Roasted Beet Hummus (Printable Version)

Vibrant dip blending roasted beets with creamy tahini, lemon, and garlic for a colorful appetizer.

# What You Need:

→ Vegetables

01 - 1 medium beet (about 6.3 oz), trimmed and scrubbed
02 - 1 small garlic clove, peeled

→ Legumes

03 - 1 can (14 oz) chickpeas, drained and rinsed

→ Tahini & Flavorings

04 - 3 tablespoons tahini
05 - 2 tablespoons fresh lemon juice
06 - 2 tablespoons extra-virgin olive oil, plus more for drizzling
07 - ½ teaspoon ground cumin
08 - ¼ teaspoon sea salt, or to taste
09 - 2 to 3 tablespoons cold water, as needed

# Steps:

01 - Preheat oven to 400°F. Wrap the beet in foil and roast on a baking sheet for 40 to 45 minutes until fork-tender. Cool, peel, and roughly chop.
02 - In a food processor, combine roasted beet, chickpeas, garlic, tahini, lemon juice, olive oil, cumin, and salt. Blend until smooth, scraping sides as needed.
03 - With motor running, add cold water 1 tablespoon at a time until hummus reaches desired creamy consistency.
04 - Taste and adjust seasoning with additional salt or lemon juice as desired.
05 - Transfer to serving bowl.
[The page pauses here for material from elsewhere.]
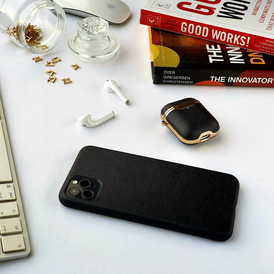 Black Leather Samsung Case with Gold detail
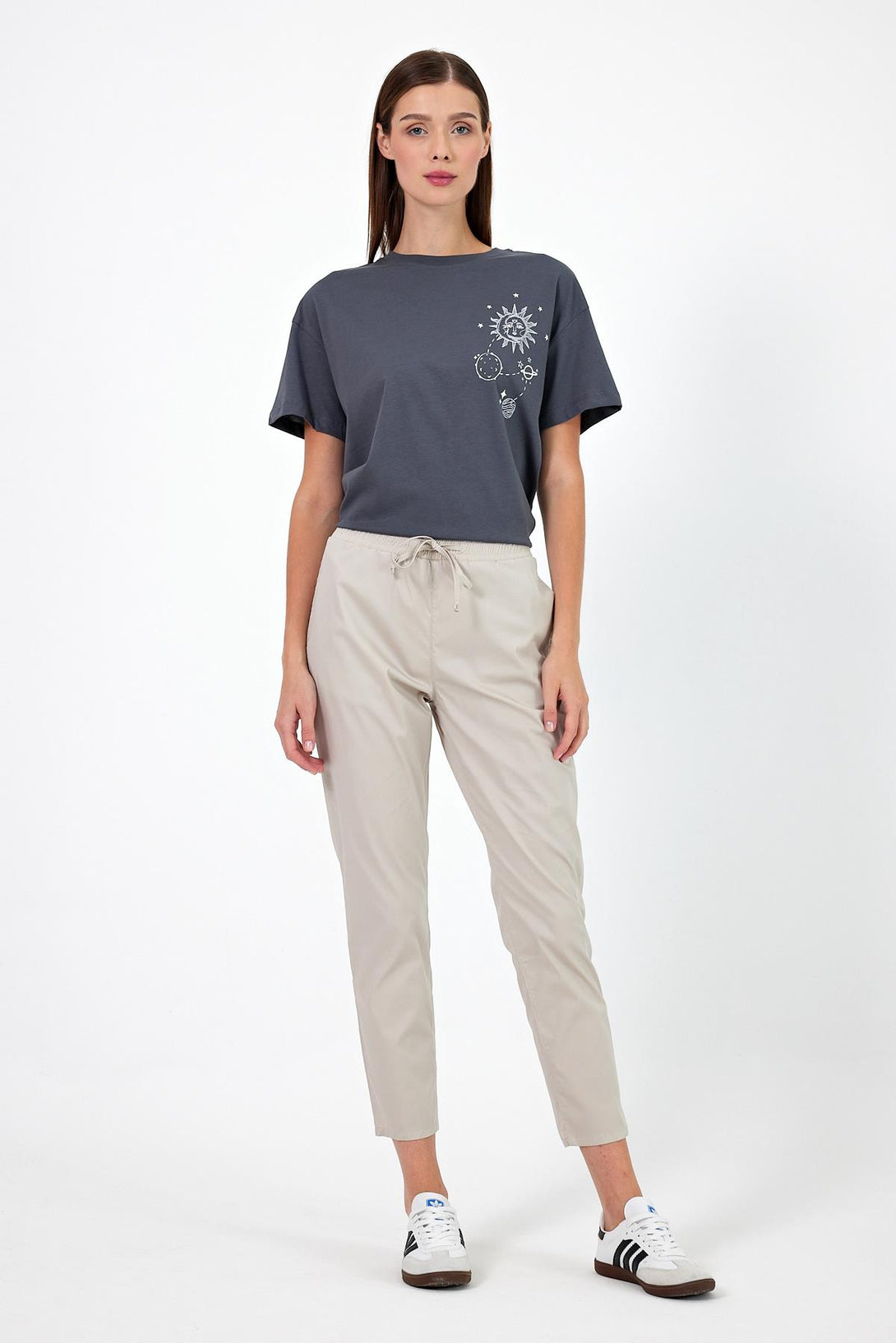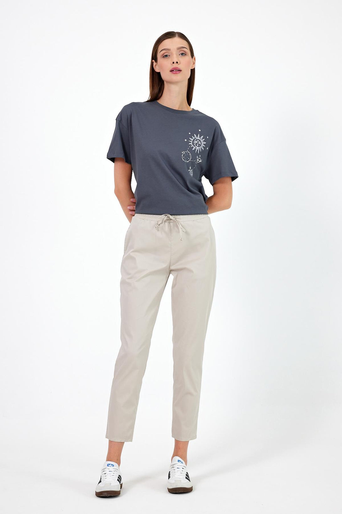 Şık ve rahat lastikli bel tasarımı.

Drizzle with extra olive oil and garnish with chopped parsley, sesame seeds, or cumin if desired.

# Expert Advice:

01 -
  • It looks like you spent hours in the kitchen when it's honestly just roasting and blending.
  • Your guests will never guess the secret ingredient is humble beets—they'll swear it's something far more complicated.
  • It's naturally vegan and gluten-free, so you're never awkwardly asking guests about their diets.
  • The earthiness paired with brightness feels both grounding and exciting, like a flavor you didn't know you were missing.
02 -
  • If your hummus tastes flat or one-dimensional, it's probably begging for more lemon juice—acid is what brings the entire flavor profile into focus.
  • Using canned chickpeas that you've rinsed thoroughly makes a creamier dip than cooking them from dried; the starch from the canning liquid can work against your texture goals.
  • Roasting the beet whole and unpeeled keeps all the sweet flavor locked in; if you peel it raw, you lose some of that concentrated earthiness.
03 -
  • Invest in good tahini—it's worth the few extra dollars, and one jar lasts through multiple batches of this hummus.
  • If your food processor struggles or you don't own one, a high-powered blender works beautifully; just pulse in short bursts to avoid overheating.